*** Block opens ***

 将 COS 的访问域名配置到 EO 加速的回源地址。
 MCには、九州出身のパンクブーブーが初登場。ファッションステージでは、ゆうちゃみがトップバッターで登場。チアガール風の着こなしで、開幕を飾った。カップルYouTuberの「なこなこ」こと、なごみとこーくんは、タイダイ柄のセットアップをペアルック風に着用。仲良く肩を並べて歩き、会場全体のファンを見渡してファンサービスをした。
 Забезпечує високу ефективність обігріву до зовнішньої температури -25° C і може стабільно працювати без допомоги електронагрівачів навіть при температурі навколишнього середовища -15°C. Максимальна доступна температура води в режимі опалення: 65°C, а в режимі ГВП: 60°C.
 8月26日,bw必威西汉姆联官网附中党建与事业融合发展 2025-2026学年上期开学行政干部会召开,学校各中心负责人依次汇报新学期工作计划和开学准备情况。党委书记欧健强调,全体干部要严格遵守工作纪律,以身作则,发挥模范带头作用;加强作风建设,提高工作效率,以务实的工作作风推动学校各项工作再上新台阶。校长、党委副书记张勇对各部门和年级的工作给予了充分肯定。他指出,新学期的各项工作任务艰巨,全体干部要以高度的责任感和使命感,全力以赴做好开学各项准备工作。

*** Block closes ***
*** Block opens ***

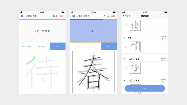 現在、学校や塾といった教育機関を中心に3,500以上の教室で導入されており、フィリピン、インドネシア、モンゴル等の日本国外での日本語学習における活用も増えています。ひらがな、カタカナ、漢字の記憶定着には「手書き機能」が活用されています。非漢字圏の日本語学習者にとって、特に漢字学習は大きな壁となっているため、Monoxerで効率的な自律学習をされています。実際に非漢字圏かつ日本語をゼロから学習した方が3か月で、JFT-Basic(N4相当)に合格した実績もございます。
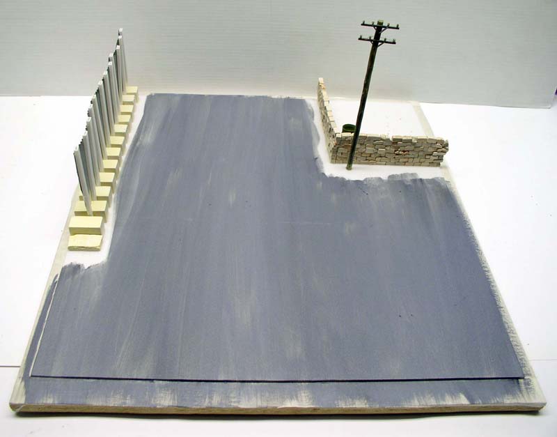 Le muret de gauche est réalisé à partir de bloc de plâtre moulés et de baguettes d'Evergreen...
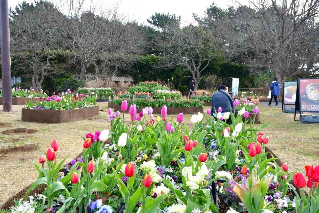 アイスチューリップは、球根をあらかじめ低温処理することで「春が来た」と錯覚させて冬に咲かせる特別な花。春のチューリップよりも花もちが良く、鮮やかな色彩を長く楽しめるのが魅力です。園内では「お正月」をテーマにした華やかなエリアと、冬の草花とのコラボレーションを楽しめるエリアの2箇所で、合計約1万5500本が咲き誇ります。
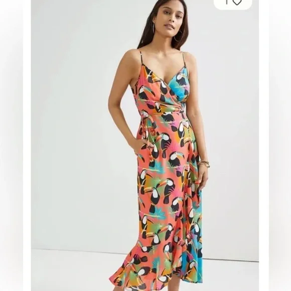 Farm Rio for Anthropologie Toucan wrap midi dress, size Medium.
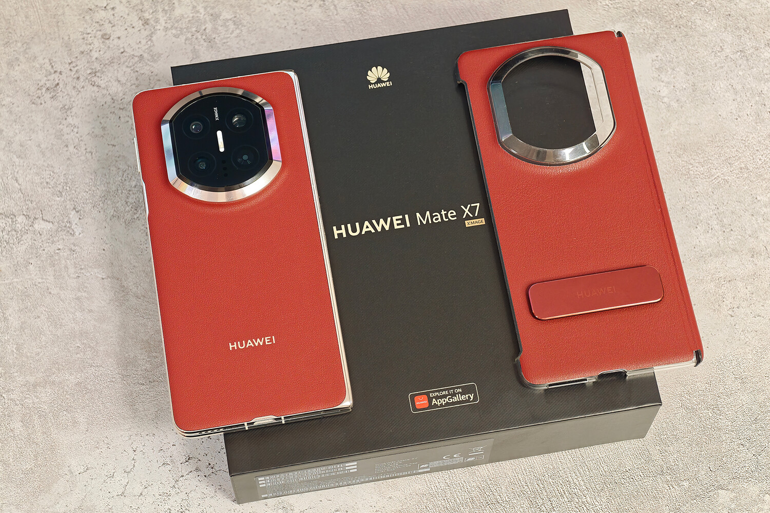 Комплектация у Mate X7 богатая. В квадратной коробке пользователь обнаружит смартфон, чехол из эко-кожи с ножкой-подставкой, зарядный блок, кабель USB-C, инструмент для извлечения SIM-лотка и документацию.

*** Block closes ***
*** Block opens ***

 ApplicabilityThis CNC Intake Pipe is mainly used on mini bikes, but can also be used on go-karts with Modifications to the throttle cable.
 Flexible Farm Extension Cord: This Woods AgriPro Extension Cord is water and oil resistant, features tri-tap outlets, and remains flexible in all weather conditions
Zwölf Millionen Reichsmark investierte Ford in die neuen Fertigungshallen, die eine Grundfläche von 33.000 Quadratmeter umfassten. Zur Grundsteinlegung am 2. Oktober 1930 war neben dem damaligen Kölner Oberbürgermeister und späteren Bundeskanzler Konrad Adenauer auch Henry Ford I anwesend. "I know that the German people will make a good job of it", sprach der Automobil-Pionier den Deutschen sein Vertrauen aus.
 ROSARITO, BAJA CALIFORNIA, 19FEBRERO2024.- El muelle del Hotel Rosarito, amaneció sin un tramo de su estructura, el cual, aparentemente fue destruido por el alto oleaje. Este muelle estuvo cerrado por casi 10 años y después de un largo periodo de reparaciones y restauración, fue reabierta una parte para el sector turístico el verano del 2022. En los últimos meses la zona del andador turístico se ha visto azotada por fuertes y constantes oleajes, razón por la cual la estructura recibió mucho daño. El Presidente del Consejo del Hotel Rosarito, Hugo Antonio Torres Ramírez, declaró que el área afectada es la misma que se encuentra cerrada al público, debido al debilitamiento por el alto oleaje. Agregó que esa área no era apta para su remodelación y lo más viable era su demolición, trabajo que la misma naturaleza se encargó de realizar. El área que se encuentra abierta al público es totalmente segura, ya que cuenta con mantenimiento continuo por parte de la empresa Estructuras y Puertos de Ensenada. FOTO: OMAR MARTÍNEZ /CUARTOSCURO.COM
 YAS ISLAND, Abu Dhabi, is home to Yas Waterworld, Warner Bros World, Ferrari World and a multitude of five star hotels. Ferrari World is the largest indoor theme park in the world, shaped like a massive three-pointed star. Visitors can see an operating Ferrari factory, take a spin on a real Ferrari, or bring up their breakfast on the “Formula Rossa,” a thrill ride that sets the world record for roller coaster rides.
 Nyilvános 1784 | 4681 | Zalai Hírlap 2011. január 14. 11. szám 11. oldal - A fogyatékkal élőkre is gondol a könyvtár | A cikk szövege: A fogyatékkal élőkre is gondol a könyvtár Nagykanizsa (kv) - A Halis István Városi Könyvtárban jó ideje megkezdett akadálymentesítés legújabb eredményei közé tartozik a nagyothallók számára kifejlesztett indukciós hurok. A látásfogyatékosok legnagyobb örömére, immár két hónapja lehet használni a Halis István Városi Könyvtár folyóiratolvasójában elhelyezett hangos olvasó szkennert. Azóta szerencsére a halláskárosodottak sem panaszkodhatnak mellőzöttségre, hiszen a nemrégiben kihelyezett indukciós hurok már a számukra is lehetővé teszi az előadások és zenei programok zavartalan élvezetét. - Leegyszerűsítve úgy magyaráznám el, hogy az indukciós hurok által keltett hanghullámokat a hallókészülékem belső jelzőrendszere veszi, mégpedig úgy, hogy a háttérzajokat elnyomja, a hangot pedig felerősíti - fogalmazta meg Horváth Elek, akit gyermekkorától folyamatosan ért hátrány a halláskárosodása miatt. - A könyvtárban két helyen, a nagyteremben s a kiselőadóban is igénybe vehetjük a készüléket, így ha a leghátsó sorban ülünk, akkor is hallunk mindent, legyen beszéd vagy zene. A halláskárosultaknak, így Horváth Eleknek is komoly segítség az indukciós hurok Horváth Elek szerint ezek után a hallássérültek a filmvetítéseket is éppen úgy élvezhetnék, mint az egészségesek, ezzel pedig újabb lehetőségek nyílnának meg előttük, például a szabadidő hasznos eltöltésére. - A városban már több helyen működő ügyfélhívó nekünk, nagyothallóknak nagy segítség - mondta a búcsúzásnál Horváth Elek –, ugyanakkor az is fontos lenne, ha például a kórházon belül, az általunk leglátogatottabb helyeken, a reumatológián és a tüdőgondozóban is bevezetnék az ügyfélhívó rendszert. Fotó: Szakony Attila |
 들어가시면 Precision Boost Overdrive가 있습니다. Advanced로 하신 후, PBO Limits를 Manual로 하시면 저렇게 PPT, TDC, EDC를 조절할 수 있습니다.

*** Block closes ***

- [Instructions for the task]: Lines holding "that" in the data above: copy each of them.

- [Answer box]:
Zwölf Millionen Reichsmark investierte Ford in die neuen Fertigungshallen, die eine Grundfläche von 33.000 Quadratmeter umfassten. Zur Grundsteinlegung am 2. Oktober 1930 war neben dem damaligen Kölner Oberbürgermeister und späteren Bundeskanzler Konrad Adenauer auch Henry Ford I anwesend. "I know that the German people will make a good job of it", sprach der Automobil-Pionier den Deutschen sein Vertrauen aus.
 YAS ISLAND, Abu Dhabi, is home to Yas Waterworld, Warner Bros World, Ferrari World and a multitude of five star hotels. Ferrari World is the largest indoor theme park in the world, shaped like a massive three-pointed star. Visitors can see an operating Ferrari factory, take a spin on a real Ferrari, or bring up their breakfast on the “Formula Rossa,” a thrill ride that sets the world record for roller coaster rides.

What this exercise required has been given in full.